REQUIRED WORK. Print the listing from its top line through the line containing "Figure 5. Barley", nothing more, and leave out the pictures.

INFORMATION SHOWN.
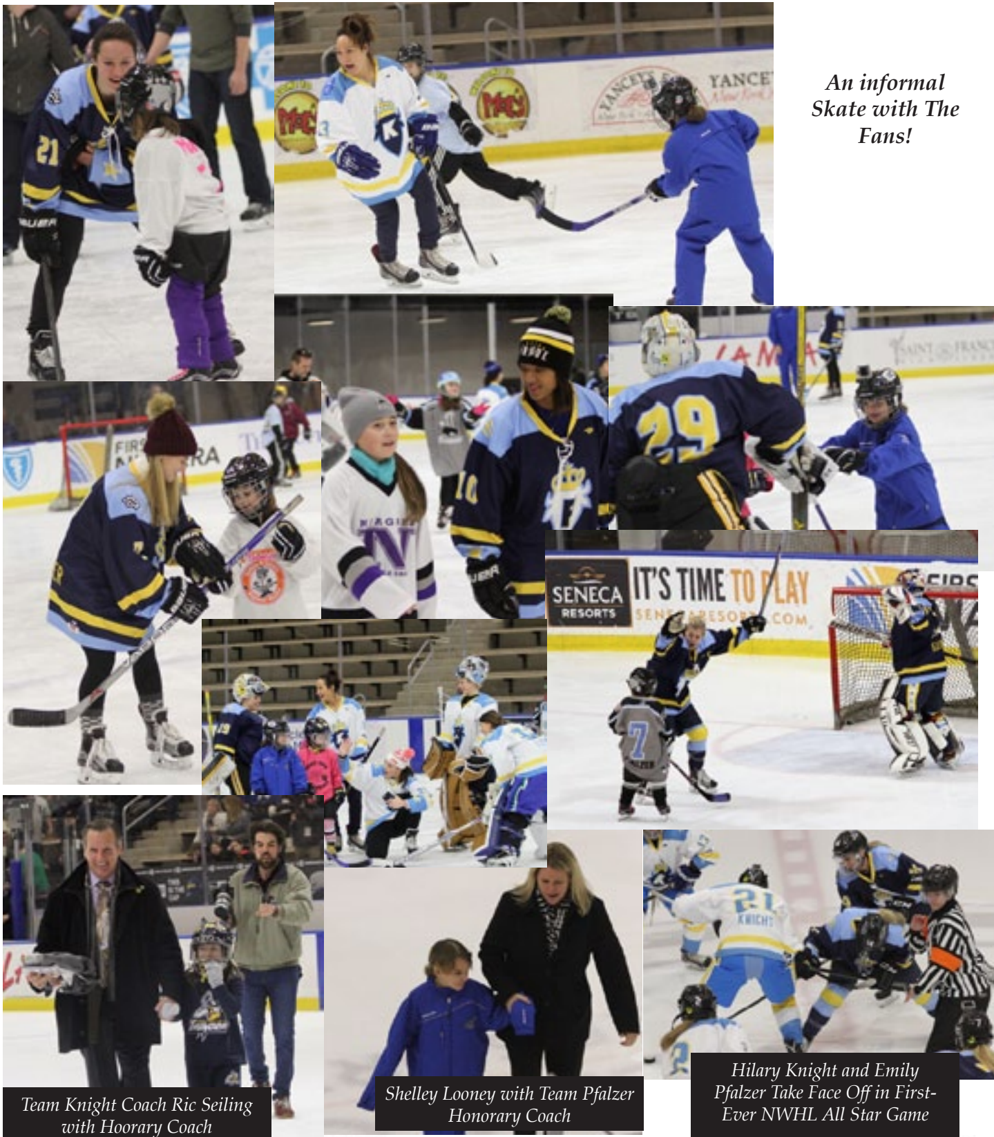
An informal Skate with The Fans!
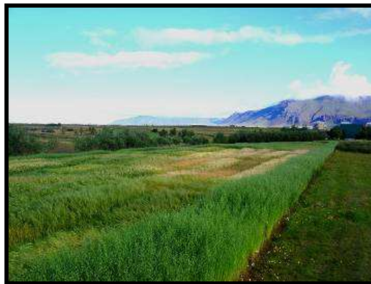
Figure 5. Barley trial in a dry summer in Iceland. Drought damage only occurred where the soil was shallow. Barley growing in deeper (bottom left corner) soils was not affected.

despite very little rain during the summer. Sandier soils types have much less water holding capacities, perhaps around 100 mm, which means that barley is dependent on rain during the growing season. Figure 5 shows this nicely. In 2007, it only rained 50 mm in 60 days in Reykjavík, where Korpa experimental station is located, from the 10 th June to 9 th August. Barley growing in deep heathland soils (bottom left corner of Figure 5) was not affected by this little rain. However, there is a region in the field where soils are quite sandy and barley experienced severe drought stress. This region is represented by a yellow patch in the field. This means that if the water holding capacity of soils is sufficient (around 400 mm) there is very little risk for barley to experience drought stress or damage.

RESPONSE BOX.
An informal Skate with The Fans!
Figure 5. Barley trial in a dry summer in Iceland. Drought damage only occurred where the soil was shallow. Barley growing in deeper (bottom left corner) soils was not affected.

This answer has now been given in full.